■ Exercise ■
Your answer must be an exact transcription of the data, with every picture omitted.

Start of Records supplied

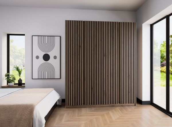 Nowoczesna i wyjątkowo pojemna szafa Kaja to idealne połączenie naturalnej estetyki drewna z elegancką czernią.
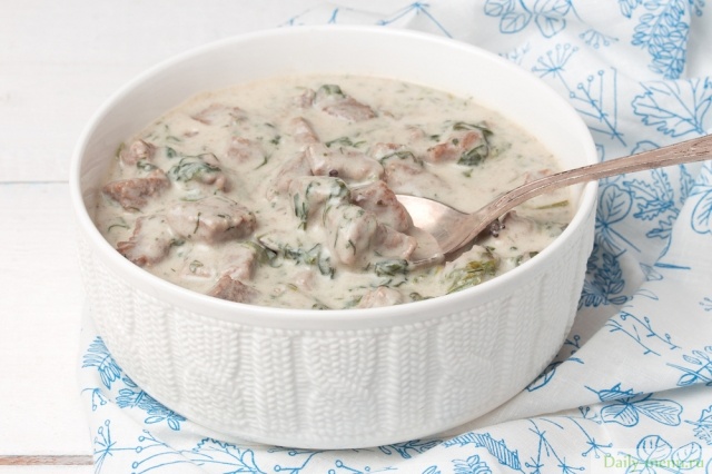 телятина спинная часть, сливки, 20,0% жирности, лук репчатый, укроп и другие пряные травы, чеснок, соль поваренная пищевая, смесь перцев
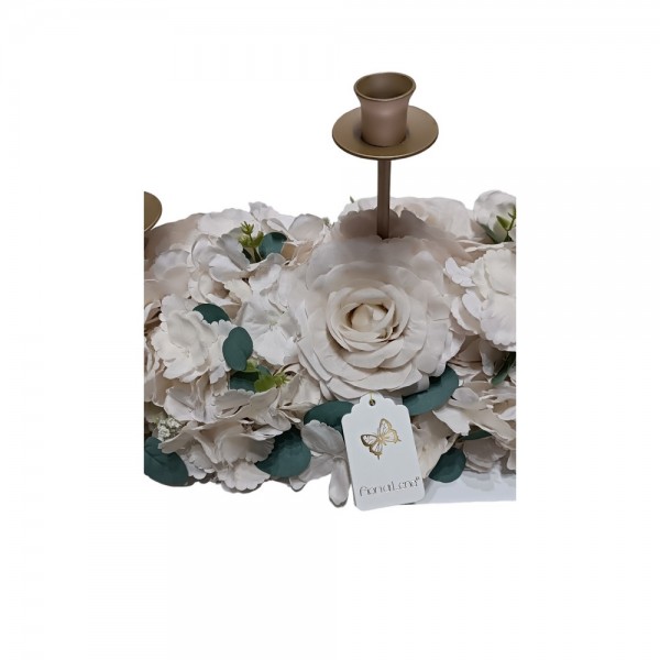 Candeliere Tre Fiamme con Rose e Ortensie Avorio Fiori Di Lena
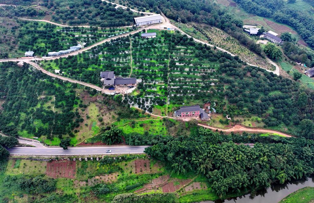 基地负责人贺君丽站在坡地上,随着指尖轻点手机屏幕,纵横交错的管道应声“苏醒”:细密的水雾袅袅溢出,裹挟着淡淡花香漫过整片果园。风过雾散,不过四五分钟,管护便已完成。
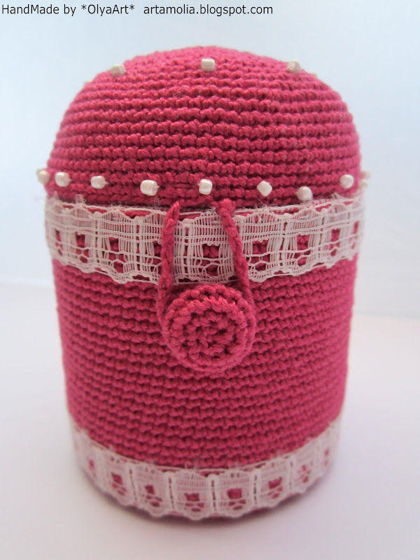 Обвязывала столбиками б/н.,ничего особенного,в общем-то))Крышку также обвязала,набила ватой,и пришила ткань.Немного бисером украсила и кружевом.Очень удобная штучка,можно и что-то мелкое хранить,и как игольницу использовать.
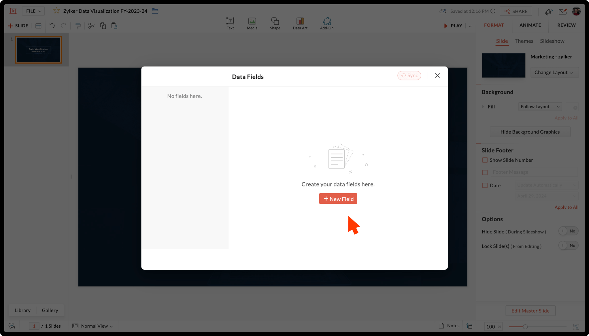 You can also enter $ in the required slide and choose Create New to create a new data field.

End of Records supplied

■ Task solution ■
 Nowoczesna i wyjątkowo pojemna szafa Kaja to idealne połączenie naturalnej estetyki drewna z elegancką czernią.
 телятина спинная часть, сливки, 20,0% жирности, лук репчатый, укроп и другие пряные травы, чеснок, соль поваренная пищевая, смесь перцев
 Candeliere Tre Fiamme con Rose e Ortensie Avorio Fiori Di Lena
 基地负责人贺君丽站在坡地上,随着指尖轻点手机屏幕,纵横交错的管道应声“苏醒”:细密的水雾袅袅溢出,裹挟着淡淡花香漫过整片果园。风过雾散,不过四五分钟,管护便已完成。
 Обвязывала столбиками б/н.,ничего особенного,в общем-то))Крышку также обвязала,набила ватой,и пришила ткань.Немного бисером украсила и кружевом.Очень удобная штучка,можно и что-то мелкое хранить,и как игольницу использовать.
 You can also enter $ in the required slide and choose Create New to create a new data field.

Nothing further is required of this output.